In deze civiele zaak, behandeld door de Rechtbank Zeeland-West-Brabant, staat de vraag centraal of de huurder gehouden kan worden om herstelkosten na oplevering te voldoen. De eiser, de commanditaire vennootschap Spoortwee C.V., heeft een vordering ingesteld tegen de gedaagde, die in deze zaak niet bij naam is genoemd. De procedure is gestart met een tussenvonnis op 21 december 2022, waarin Spoortwee de gelegenheid kreeg om bewijs te leveren van een zware nicotine aanslag in het gehuurde pand na het vertrek van de gedaagde. Spoortwee heeft vervolgens diverse bewijsstukken overgelegd, waaronder foto's en facturen, maar de gedaagde heeft betwist dat deze bewijsstukken de staat van het gehuurde bij oplevering adequaat weergeven.
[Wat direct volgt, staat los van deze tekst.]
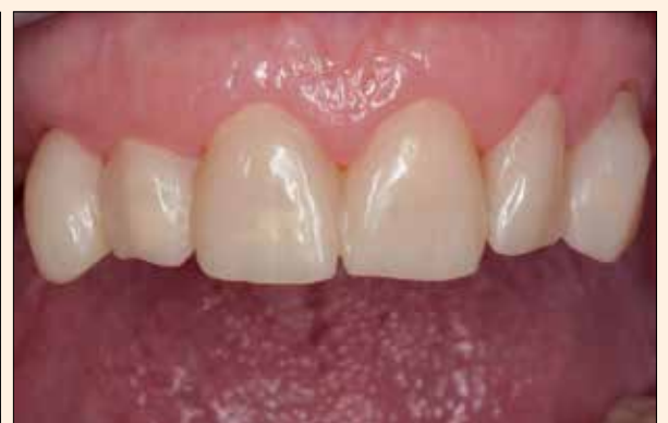
6. Resultado grato.

De kantonrechter heeft in zijn beoordeling vastgesteld dat Spoortwee niet is geslaagd in het leveren van het gevraagde bewijs. De overgelegde foto's en verklaringen waren onvoldoende om aan te tonen dat er sprake was van een zware nicotine aanslag die het volledig schilderen van het gehuurde noodzakelijk maakte. De kantonrechter heeft daarom een deel van de vordering afgewezen, maar heeft wel een bedrag van € 102,34 aan buitengerechtelijke kosten toegewezen, evenals de wettelijke rente. De totale kosten die de gedaagde aan Spoortwee moet vergoeden, zijn vastgesteld op € 666,20, inclusief de wettelijke rente.
De uitspraak is gedaan door mr. Dijkman en is openbaar uitgesproken op 19 april 2023. De gedaagde is veroordeeld in de proceskosten, die zijn begroot op een totaalbedrag van € 876,03. Het vonnis is uitvoerbaar bij voorraad verklaard, en het meer of anders gevorderde is afgewezen.